Monday, January 11, 2010

Access WSO2 Governance as a Service From Remote Registry

WSO2 Governance as a Service is a hosted instance of WSO2 Governance Registry with multi-tenant support. WSO2 Governance as a Service provide you almost all the functionalities provided with the Governance Registry targeting the enterprise SOA governance, same time it provides all the advantages  inherent with the Software as a Service model.

Here I'm talking about how to use a popular feature available in Governance Registry, inside WSO2 Governance as a Service. i.e. Remote Registry Client. With Remote Registry Client, you can access the resources in registry programatically. It uses atom/pub protocol to communicate with the registry server.

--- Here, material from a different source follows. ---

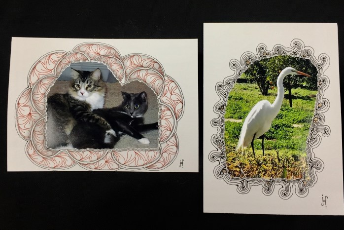 This month’s Zentangle class at the Icarus Creative Arts Studio brought ten ladies together to tangle “cartouches”. Each one brought 3-4 photos (or copies of via re-printing on computers using photo paper – saves your originals) that they were willing to cut and past onto a background. After giving each photo a trim using deckel-edged scissors, we began to tangle. Everyone was given a black micron, brown micron, graphite pencil and white charcoal pencil. Some brought their own colored pens and added color to their photos when the opportunity presented itself.

Here is an example of using Remote Registry Client. I assumed I have an account with domain name 'example.com' with a user name 'example_user' ('example_password'). You have to change this to valid values before running this code, You can create an account in Governance as a Service freely for a limited use.
import java.net.URL;
import org.wso2.carbon.registry.core.Registry;
import org.wso2.carbon.registry.core.Resource;
import org.wso2.carbon.registry.app.RemoteRegistry;

class RegistryDemo {
public static void main(String[] args) throws Exception {

// calls the registry with the authentication information
callRemoteRegistry("http://governance.cloud.wso2.com/registry",
 "example_username@example.com", "example_password");
}

public static void callRemoteRegistry(String url, String username,
 String password) throws Exception {

Registry myRegistry = new RemoteRegistry(new URL(url), username, password);
if (!myRegistry.resourceExists("/demoResource")) {

Resource r = myRegistry.newResource();
r.setContent("demo content");
myRegistry.put("/demoResource", r);
}

Resource r = myRegistry.get("/demoResource");
byte[] contentBytes = (byte[])r.getContent();
String content = new String(contentBytes);
System.out.println("Content: " + content);
}
}

1 comment:

Koos said...

I found some errors with this code. As it currently is it complains about uncaught exceptions, which is no big deal as you can just surround the block with try-catch. However, as soon as I do that it gives me an error saying RegistryException is an incompatible type and requires java.lang.throwable. I dont know if I'm just making a stupid mistake somewhere but thats what I get from this code.